On Thu, 16 Apr 1998, Jay Hecht wrote:

> Can someone tell me how this isn't a replay of Keynes' analysis of the 1930s?
> I believe we have the following common features:
> 1) Profound loss of confidence in the banking system (exluding the Postal
> Savings system?)
> 2) Withdrawl of money into mattresses.
> 3) Interest rates below 1.75%
> 4) Surplus of savings and capital
> 5) Rising unemployment
> 6) Potential "beggar thy neighbor" exchange rate policy - China hold's the
> deck here

Except for one huge difference: Big Governments everywhere have made sure
that deflationary tendencies haven't turned into a generalized crash or
an actual meltdown in GDP. Instead, Japan has experienced sectoral
financial meltdowns, which the system as a whole has been able to
recontain (the crash of the Bubble in 1990-92, the rising yen shock of
1993-95, and now the Asian crisis of today). All this talk of how Japan is
going to go bankrupt tomorrow is so much hooey -- what's happening is that
some deeply unsettling fears about the length and tenure of the Wall
Street bubble are being projected, by the usual punters and
earnings-obsessed analysts, onto an immensely powerful Japanese economy
all but drained of speculative excess and about to declare its fiscal and
political autonomy from the USA.  

Let's not forget that Japan's postal savings system holds literally
trillions of euros worth of assets, that Japan is running mongo trade
surpluses, and that the current recession is a product of induced by
stupid austerity (Japanese tax hikes on consumption etc.) and the Asian
meltdown (caused by torrid financial speculation). If Japan really did
what Wall Street says, namely raised interest rates and cut domestic
spending, you'd see a global credit and GDP holocaust which would make
the breakup of the Soviet economy look like a success story. The criticism
of Japanese infrastructure boondoggles misses the point -- bridges create
more skills and employment than the $300 billion US military-industrial
complex, in any case, and Japan can use such a stimulus. What the entire
Pacific Rim economy needs right now, however, is a coordinated
**Asia-wide** Keynesianism. This is where the European Union, for all its
manic austerity drives and central bankocracy, is way ahead of East Asia:
the rich Central European countries are sending billions of euros to the
peripheral countries of Europe, have renegotiated Eastern European and
Russian debt at favorable interest rates, and are serving as the consumer
market of final demand for Polish, Czech and Slovenian exporters. No, this
assistance isn't yet enough to start a genuine boom, but it has certainly
kept a floor under these countries during the worst of the Long Depression 
of the Nineties, and offers important clues to what a genuine
Eurokeynesianism might achieve in the next century. 

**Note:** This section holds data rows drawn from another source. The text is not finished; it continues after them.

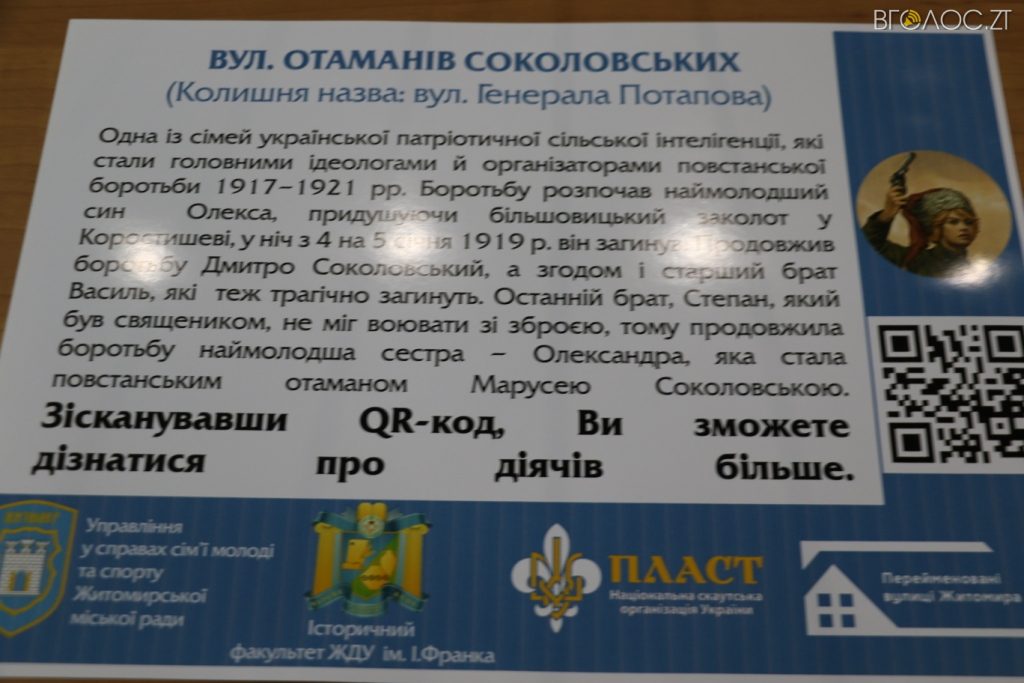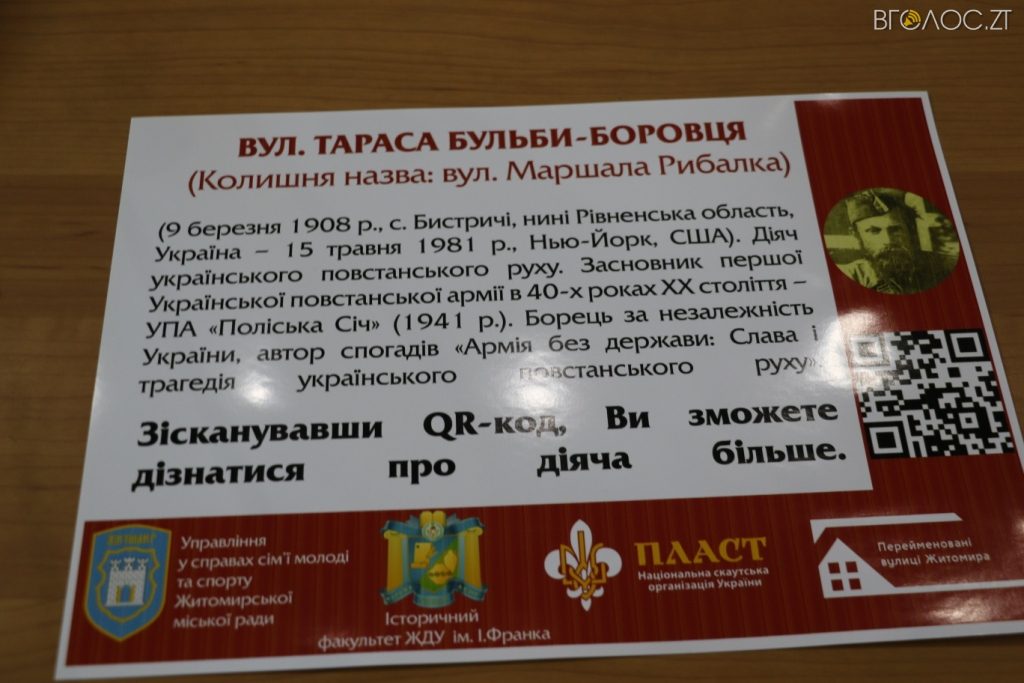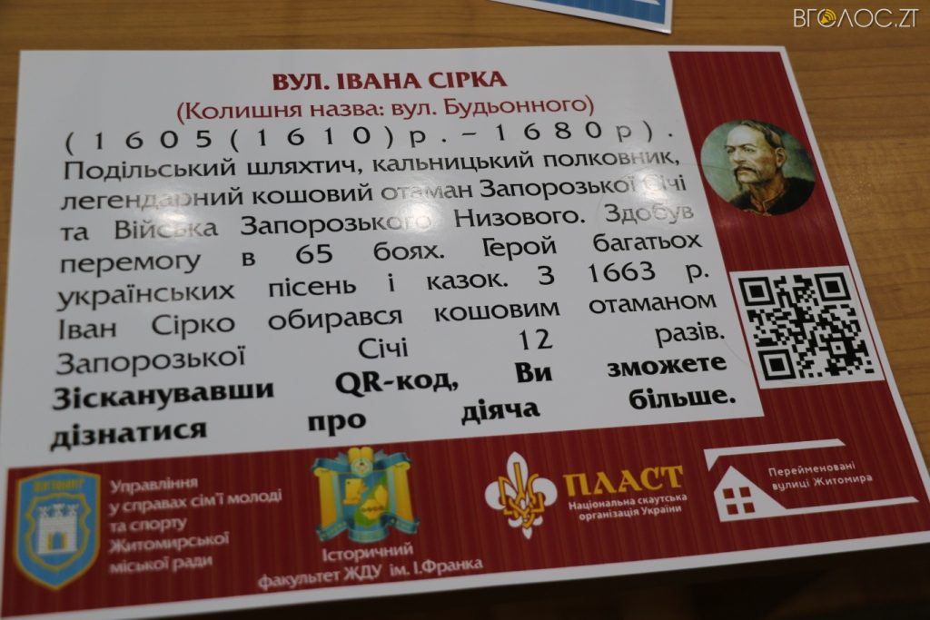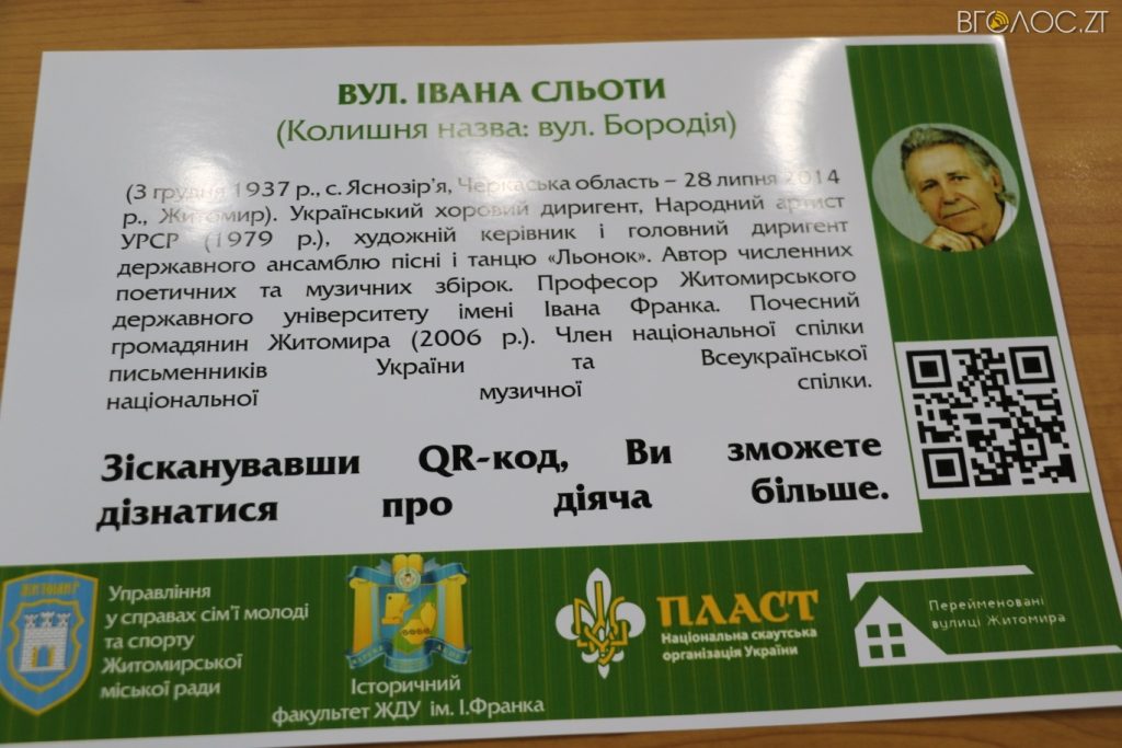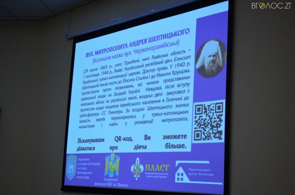 «Назви вулиць в Житомирі було змінено, проте багато містян досі не знає, на честь кого їх перейменували. Проект покликаний вирішити це питання та надати житомирянам доступну інформацію про визначних українських історичних діячів», – зазначив автор проекту студент історичного факультету ЖДУ ім. Івана Франка Олександр Шевчук.
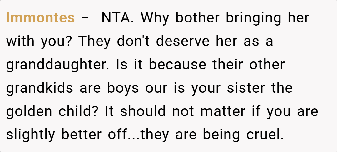 In the tangled web of family dynamics, even a small child’s words can ignite big conversations about fairness, favoritism, and self-worth. Imagine a situation where a 7-year-old, caught in the crossfire of unequal treatment among relatives, blurts out that she prefers the other set of grandparents. It’s a scenario that tugs at the heartstrings while highlighting a painful reality:
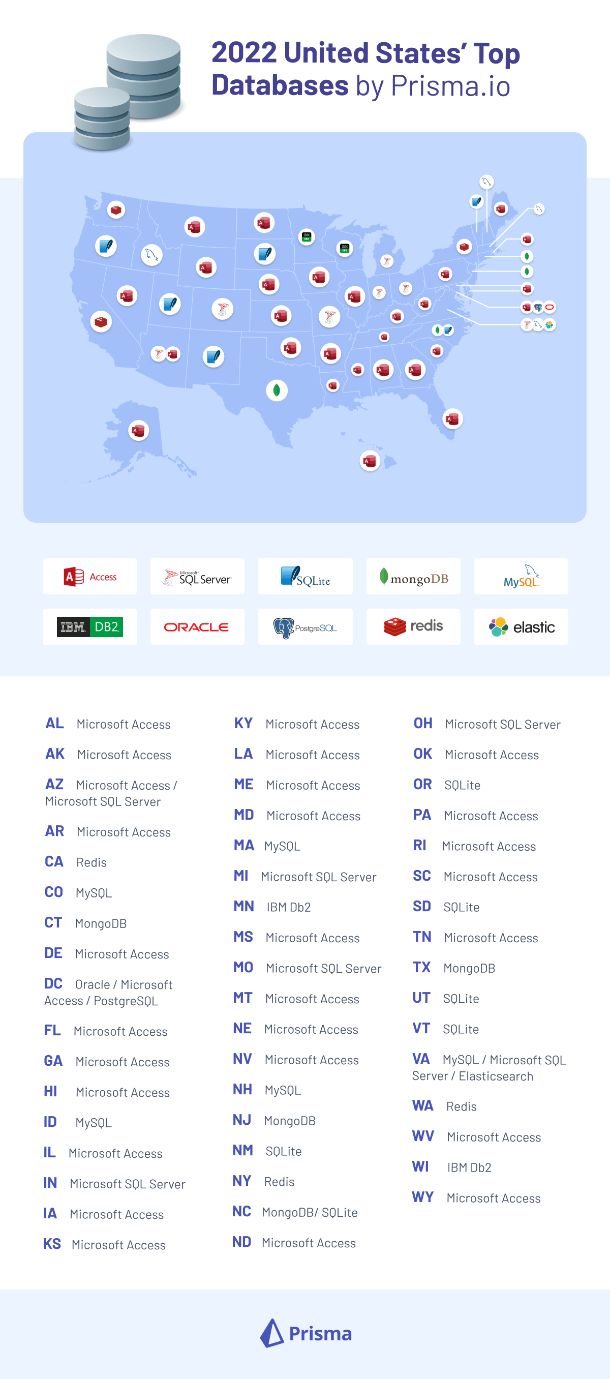 As a next-generation open-source ORM designed to abstract away the functions of traditional management systems to improve developer productivity, we at Prisma were curious to learn which databases are most predominant throughout the United States. So, we performed a bit of research on our own. Check out the map to see what database is each state’s favorite going into 2022 - the results may surprise you!
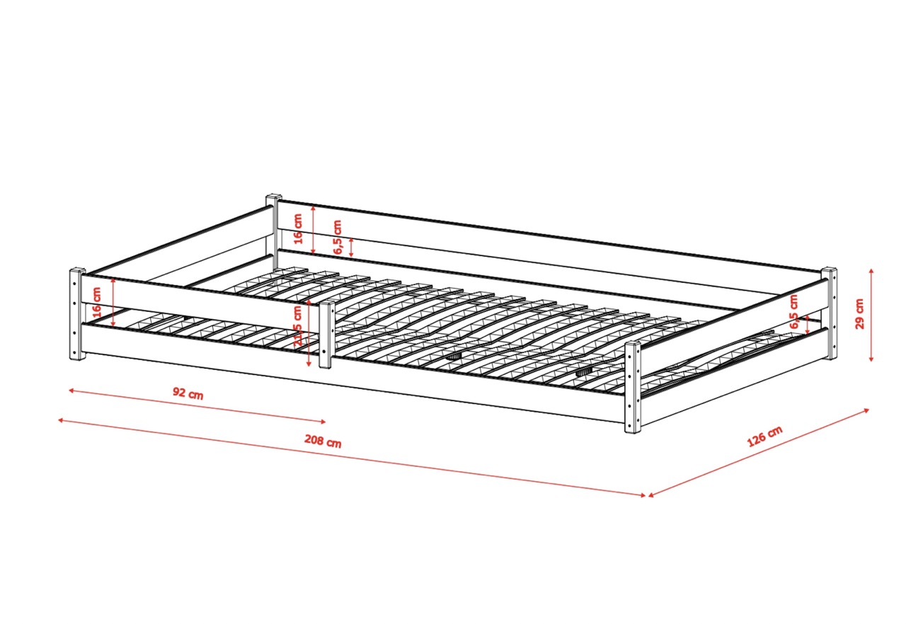 - Sängens totala dimensioner: 126×208 cm

If the Sony chairperson is serious about restarting the Pacific Rim
economy, then we're talking huge debt write-offs for Southeast Asian
countries, to be made up the good old-fashioned way, by printing more yen.
This doesn't have to be hyperinflationary (though it ought to be at least
mildly inflationary, to counteract the current round of deflation); you
can salt some of these bonds away in some long-term account, safe from
speculators and real estate swindlers, and use the rest to fund an 
expanded welfare state, thus creating the consumer demand these economies
so badly need. At a bare minimum, given the $6.5 trillion GDP Pacific Rim
economy, a deficit stimulus of, say, 5% of GDP should avert
catastrophe -- roughly $325 billion a year. You will note that the $145
billion IMF bailout, plus the $120 billion or so Hashimoto plan, plus the
innumerable private bailouts by European and Japanese banks of their
Southeast Asian loans, whose total we won't know for awhile, come pretty
close to this already. This is the bare minimum, of course; to really kick
things into gear, Japan, Hong Kong, Singapore and Taiwan would
have to spend a whole lot more. At this point, they don't have much
choice; either they and the Europeans start spending some real money, or
we're going to see another round of hideous deflationary collapses and
corresponding trillion-dollar bailouts, this time on a truly planetary
scale. Wall Street had better pray for Nippokeynesianism, else the 1998
Bubble is going to go the way of the 1989 Nikkei.